Care to elaborate? I want to know what was wrong with it. Not just that it was a heap of horse excretion.
-- Posted by pinkrazrscocaine at 6:50 pm on Dec. 21, 2008
Quote: from Anonymous at 6:43 pm on Dec. 21, 2008
Quote: from pinkrazrscocaine at 6:40 pm on Dec. 21, 2008
there is absolutely no respect for the delicate art of poetry in this batch of word vomit.
Care to elaborate? I want to know what was wrong with it. Not just that it was a heap of horse excretion. 
sure, sure. first off, I'm not a huge fan of anaphora, myself.. it is sort of in limbo between a free verse poem, and one with rhythm and rhyme. secondly, you're stanzas are all to pieces. before writing anymore poetry I'd suggest reading, studying, and analyzing classical poetry from a myriad of poets. then work to find your own niche...
-- Posted by Anonymous at 6:53 pm on Dec. 21, 2008
Quote: from pinkrazrscocaine at 6:50 pm on Dec. 21, 2008
Quote: from Anonymous at 6:43 pm on Dec. 21, 2008
Quote: from pinkrazrscocaine at 6:40 pm on Dec. 21, 2008
there is absolutely no respect for the delicate art of poetry in this batch of word vomit.
Care to elaborate? I want to know what was wrong with it. Not just that it was a heap of horse excretion. 
sure, sure. first off, I'm not a huge fan of anaphora, myself.. it is sort of in limbo between a free verse poem, and one with rhythm and rhyme. secondly, you're stanzas are all to pieces. before writing anymore poetry I'd suggest reading, studying, and analyzing classical poetry from a myriad of poets. then work to find your own niche... 
Thanks. I don't really like anaphora either, which leaves the question why I wrote it the way I did. I usually find repetition sickening and bland. Thanks for the advice. I'll get on that. I haven't been able to get any great influence lately.

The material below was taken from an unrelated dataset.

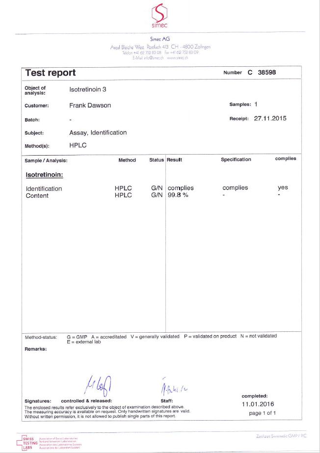 Isotretinoin - raws purity

-- Posted by pinkrazrscocaine at 6:54 pm on Dec. 21, 2008
and another thing, know your types of poetry. yours is sort of a random, uneven blend of a sort of an elegy, lyrical type thing. and the "But then again maybe not" line sounds very informal.
-- Posted by Anonymous at 7:04 pm on Dec. 21, 2008
Quote: from pinkrazrscocaine at 6:54 pm on Dec. 21, 2008
and another thing, know your types of poetry. yours is sort of a random, uneven blend of a sort of an elegy, lyrical type thing. and the "But then again maybe not" line sounds very informal. 
Fair enough. [Note what I said before the actual poem about sometimes writing "self reflections".]